As a quick note today, I have been converting parts of the Scala Cookbook from a plain text format to a Markdown format, and as part of that I needed to add some newline characters to add spacing to the document. This wouldn’t be bad if it was a few pages, but it’s hundreds of pages, so I decided to use the Unix sed command to do the work.

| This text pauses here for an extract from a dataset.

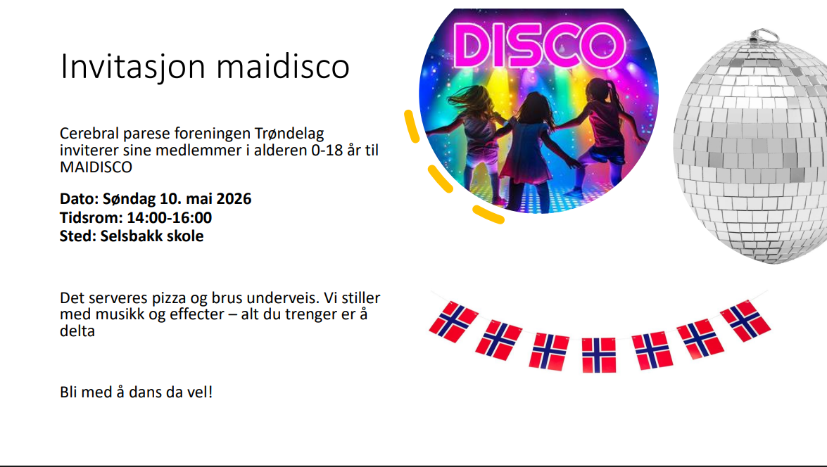 CP- Foreningen Trøndelag inviterer til Maidisco for Barne- og ungdomsgruppa (0-18 år)!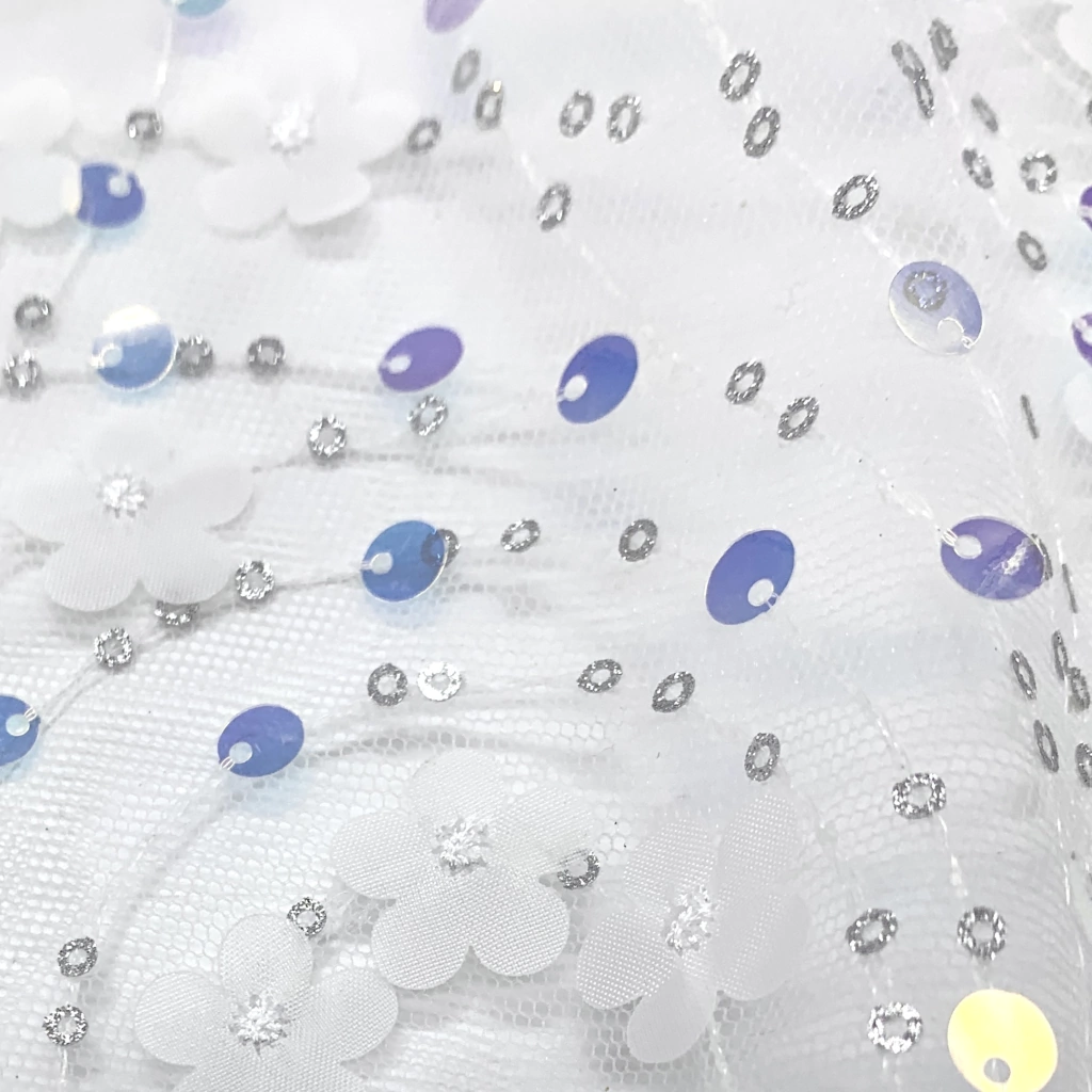 Textura: Fina y transparente, con aplicaciones de flores en relieve y lentejuelas tornasoladas.

Note: What I gloss over in this example is that trying to use the newline character (\n) as a replacement string doesn’t work with sed on Mac OS X, at least not in Mac OS X 10.9 or 10.10.

Solution

Skipping right to the solution, this sed command did the trick of (a) converting the word “Problem” that’s on a line by itself to being a Markdown “Header 2” tag, with a newline added before and after the word “Problem”:

s/^Problem$/\
## Problem\
/

The \ characters at the end of each line let you continue the replacement text onto multiple lines, and that’s what inserts the newline characters into the sed output.

My full Mac OS X sed script

If it helps to see this in the context of the complete sed script, here’s the source code for the full script:

s/^Problem$/\
## Problem\
/

s/^Solution$/\
## Solution\
/

s/^Discussion$/\
## Discussion\
/

s/^See Also$/\
## See Also\
/

# add a newline to a trailing ':' character
s/^\(.*\)\:$/\1:\
/

# add a newline after '}' on a line by itself
s/^}$/}\
/

# add newline before 'scala>'
s/^\(scala> .*\)/\
\1/

# replace bullets
s/•/*/

If you know sed, you can see that I add several newline characters in that script.

I run this sed script on my Mac OS X system like this:

sed -f sed.cmds Chapter12.md > Ch12.txt

The result

The “Problem” line ends up converting text that looks like this:

foo
Problem
bar

to this:

foo

## Problem

bar

As shown, it adds a newline character before and after the “Problem” line.

In summary, if you wanted to see how to add a newline character to some text when using sed on Mac OS X, I hope this helps.